Unnamed: 0,id,title,url,num_points,num_comments,author,created_at,hours
10,12578908,Ask HN: What TLD do you use for local developm...,,4,7,Sevrene,2016-09-26 02:53:00,2
42,12578522,Ask HN: How do you pass on your work when you ...,,6,3,PascLeRasc,2016-09-26 01:17:00,1
80,12577870,Ask HN: Why join a fund when you can be an angel?,,1,3,anthony_james,2016-09-25 22:48:00,22


In [64]:
# Dataframe of number of posts per hour:
ask_posts_by_hour_two = pd.DataFrame(Ask_HN_filtered.groupby(['hours'])['title'].agg('count'))
# Dataframe of sum of comments per hour:
ask_comments_by_hour = pd.DataFrame(Ask_HN_filtered.groupby(['hours'])['num_comments'].agg('sum'))

In [87]:
#Merge the two dataframe:
ask_posts_by_hour_final = pd.merge(ask_posts_by_hour_two, ask_comments_by_hour, left_on = 'hours', right_on = 'hours')

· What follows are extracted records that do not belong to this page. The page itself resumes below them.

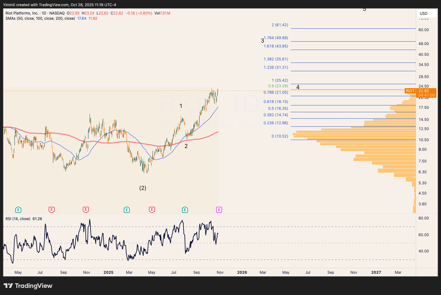 Having more than tripled since the April low, RIOT appears to be progressing in wave 3 of (3).
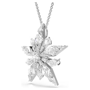 This statement piece of Idyllia jewelry is destined to become the centerpiece of your style. The rhodium plated design can be worn as a striking pendant, while the snowflake motif can also be removed from the chain and worn as a brooch. Throughout the creation, 82 clear crystals are used, including numerous fancy cuts that add wondrous dimension. also showcases its savoir-faire through multiple techniques, such as dazzling pavé and precise prong settings. Completed with a lobster closure, this wintry pendant was made for occasions when you truly want to shine.
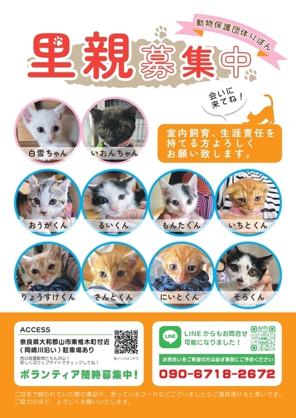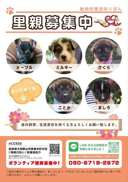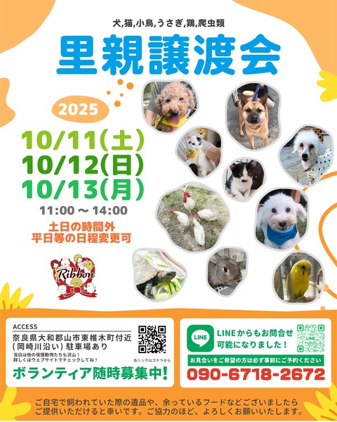 | イベント内容 | \10月4〜5日に譲渡会を開催します/ 子犬や子猫、小型犬から大型犬、かわいい猫ちゃんたちまで、たくさんの保護犬・保護猫が皆さんを待っています! 写真だけでは伝えきれない魅力が盛りだくさんなので、ぜひお気軽に足を運んでくださいね。 【里親募集中の犬猫情報はコチラ】 https://satoya-boshu.net/foster/?@button_name@=search&FosterParent_MemberID=85262 ●事前にお電話かショートメールでご予約をお願いします。 ・予約番号:090-6718-2672 ●ご希望の犬猫がいましたら、予約時に名前をお伝えください。 ●当日までに譲渡が決定した・体調がすぐれないなど、やむを得ない理由で急きょ不参加の場合があります。ご了承ください。 ●その場での引き渡しはしておりません。譲渡決定後、距離にかかわらずこちらからお届け致します。 みなさまのご来場をお待ちしております! ⚫︎りぼんは、奈良県で活動している動物保護団体です。 犬・猫・うさぎなどの小動物・インコやニワトリなどの鳥・両生類・爬虫類など動物種を問わず、お届け先も地域を問わず、動物たちと里親さまをつなぐ活動を行っています。 ◎ホームページ https://ribbon-foster.jimdofree.com/ ◎公式YouTube https://www.youtube.com/@ribbon-shelter https://www.instagram.com/ribbon_shelter1/ |
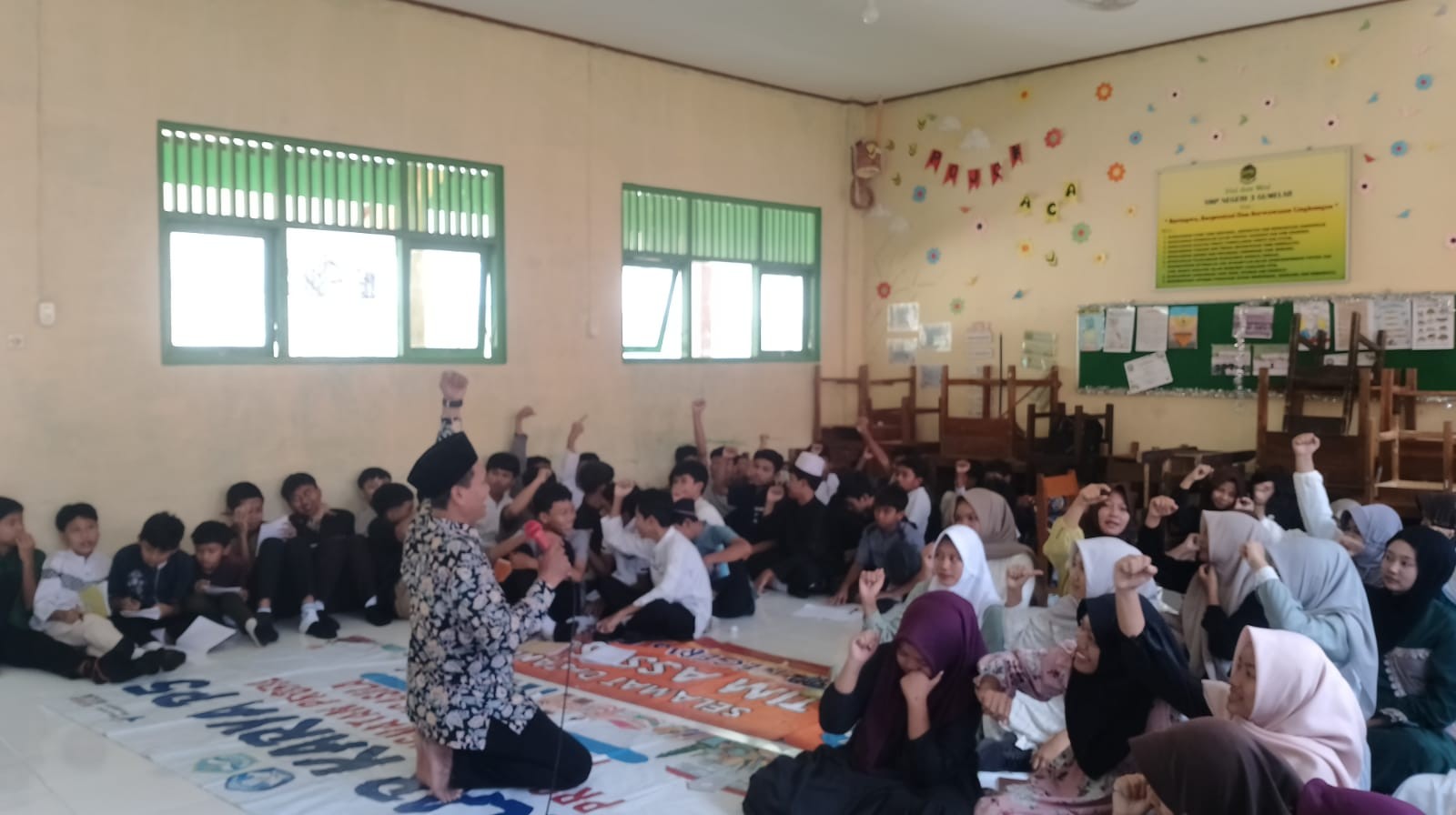 Kegiatan yang berlangsung interaktif di ruang kelas 8 ini menghadirkan narasumber ahli, Warto Amirudin, yang merupakan Penyuluh Agama dari KUA Gumelar.
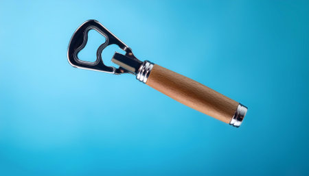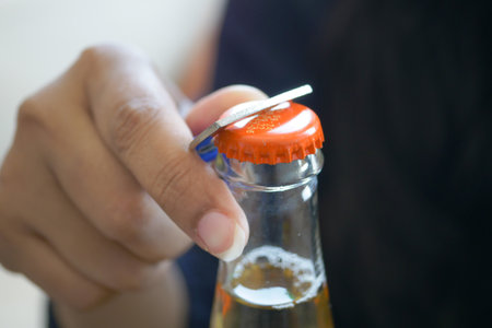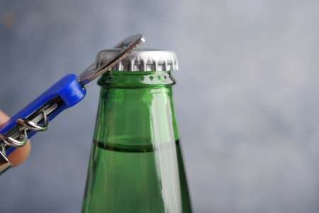 Close up of a man holding a bottle of craft beer using an opener, on wooden background
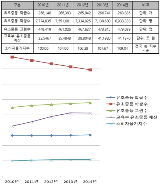 ▲ 2010~2014년 유초중등 통계 증감 추이. /제작: 미디어펜, 자료 참조: 교육통계서비스(http://kess.kedi.re.kr/index), 한국은행 경제통계시스템(https://ecos.bok.or.kr/) |
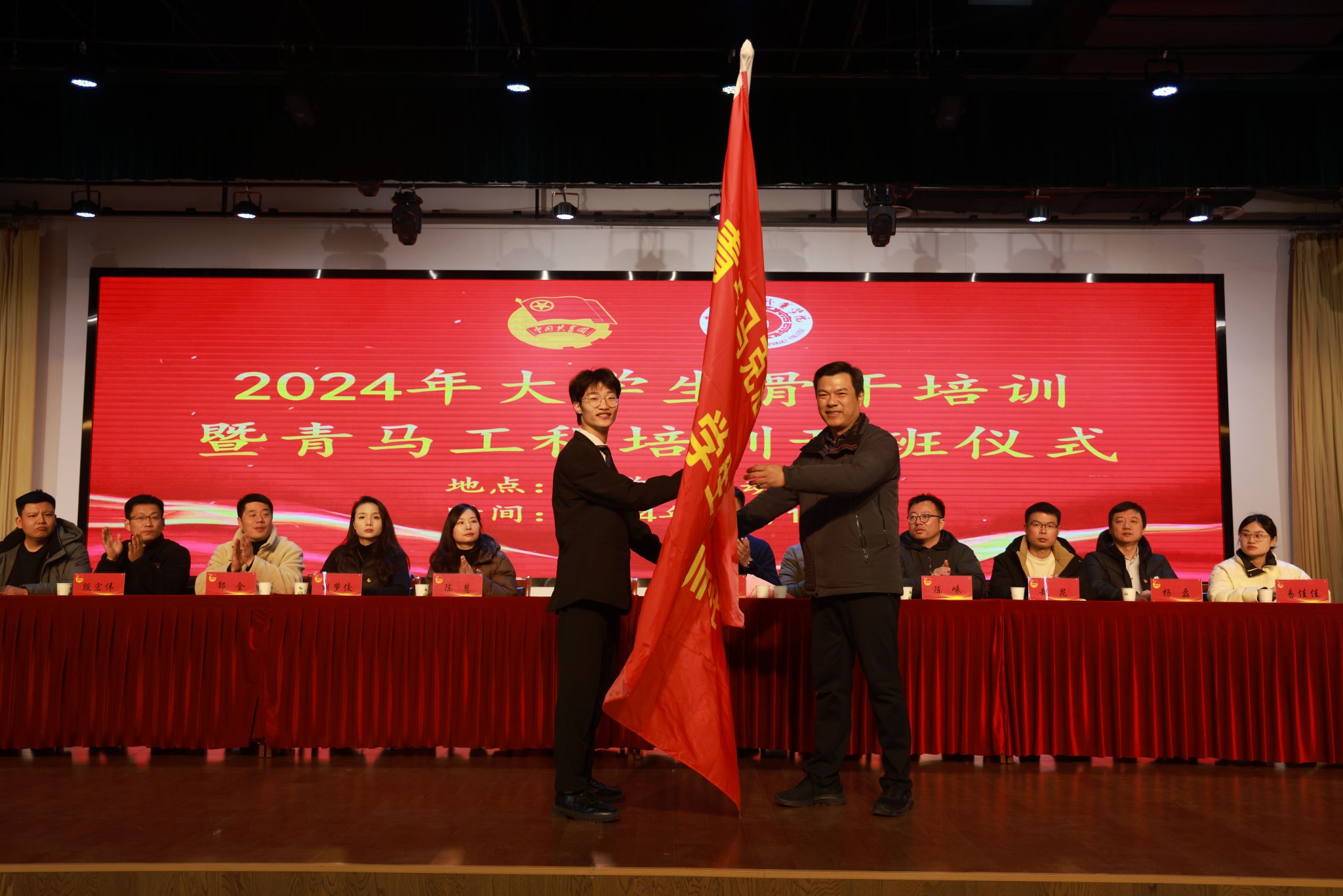 12月17日中午,我校“青马工程”培训班在大学生活动中心正式开班。校党委副书记陈行出席,各二级学院团总支书记、校团委老师,24级各班班长、团支部书记,各级学生会组织主要学生干部、校级社团负责人参加。陈行为学员代表孙业泉授旗。校学生会执行主席韩佳辉作为学员代表发言;校广播站站长王若楠带领全体学员宣誓。“青马工程”全体学员满怀热忱、齐聚一堂,共同迎接这场意义非凡的思想盛宴。
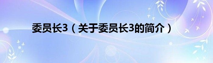 大家好,委員長3,關(guān)于委員長3的簡介很多人還不知道,現(xiàn)在讓我們一起來看看吧!
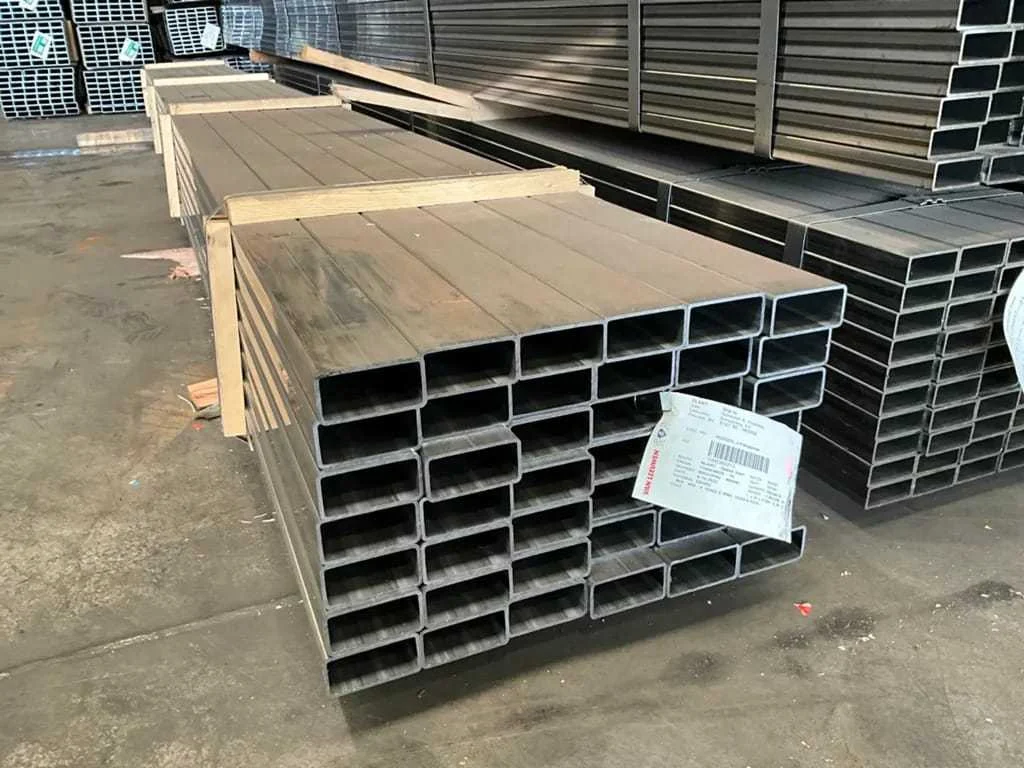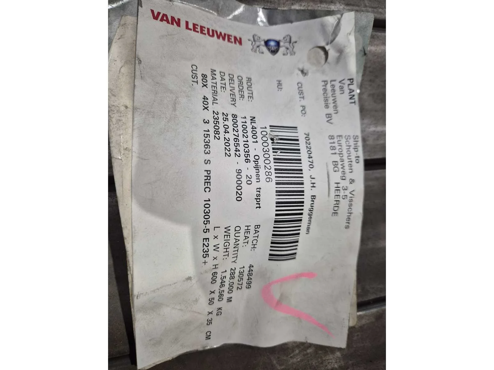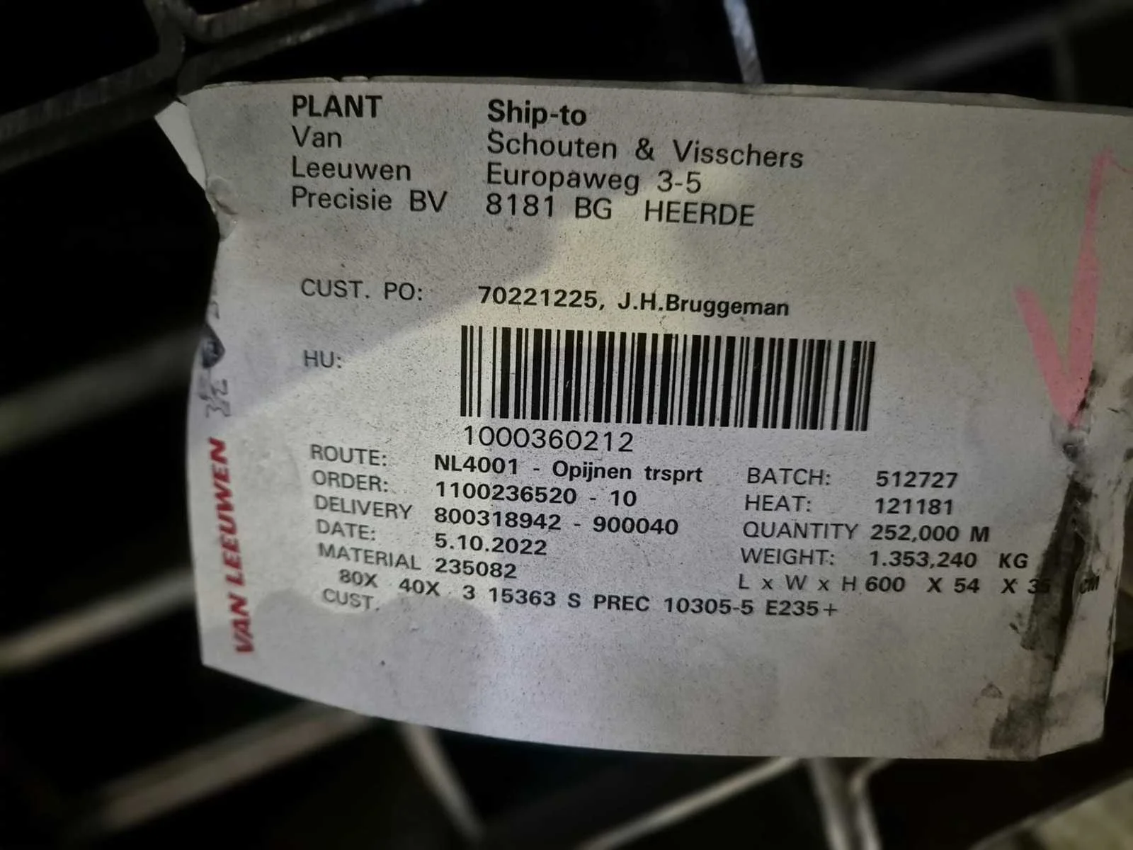 Stalen kokerprofielen E235 + CR1 S2, afmeting 80x40x3mm Lengte 6000mm, leverancier van Leeuwen Precisie BV, aantal bundels: 2, gewicht per bundel ca 1540kg totaal: 2890kg No Type: E235 + CR1 S2

#Create average comment per hour column:
ask_posts_by_hour_final['avg_comm_per_hour'] = ask_posts_by_hour_final['num_comments'] / ask_posts_by_hour_final['title']

In [88]:
ask_posts_by_hour_final

Unnamed: 0_level_0,title,num_comments,avg_comm_per_hour
hours,Unnamed: 1_level_1,Unnamed: 2_level_1,Unnamed: 3_level_1
0,229,2265,9.89083
1,223,2089,9.367713
2,227,2996,13.198238
3,211,2153,10.203791
4,185,2358,12.745946
5,165,1838,11.139394
6,176,1587,9.017045
7,156,1584,10.153846
8,190,2362,12.431579
9,176,1477,8.392045


#### Top 5 Hours for Ask Posts Comments

Although we now have the results we need, this format makes it hard to identify the hours with the highest values. Let's finish by sorting the dataframe and printing the five highest values.

In [90]:
sorted_dataframe = ask_posts_by_hour_final.sort_values(by=['avg_comm_per_hour'], ascending=False)
sorted_dataframe.loc['total'] = sorted_dataframe.sum()
sorted_dataframe

Unnamed: 0_level_0,title,num_comments,avg_comm_per_hour
hours,Unnamed: 1_level_1,Unnamed: 2_level_1,Unnamed: 3_level_1
15,467.0,18525.0,39.668094
13,324.0,7227.0,22.305556
12,274.0,4234.0,15.452555
10,219.0,3013.0,13.757991
17,404.0,5547.0,13.730198
2,227.0,2996.0,13.198238
14,377.0,4970.0,13.183024
4,185.0,2358.0,12.745946
8,190.0,2362.0,12.431579
22,286.0,3369.0,11.77972


### Conclusion

In this project, we analyzed ask posts and show posts to determine which type of post and time receive the most comments on average. Based on our analysis, to maximize the amount of comments a post receives, we'd recommend the post be categorized as ask post and created between 15:00 and 16:00.

However, it should be noted that the data set we analyzed excluded posts without any comments. Given that, it's more accurate to say that of the posts that received comments, ask posts received more comments on average and ask posts created between 15:00 and 16:00 (3:00 pm est - 4:00 pm est) received the most comments on average.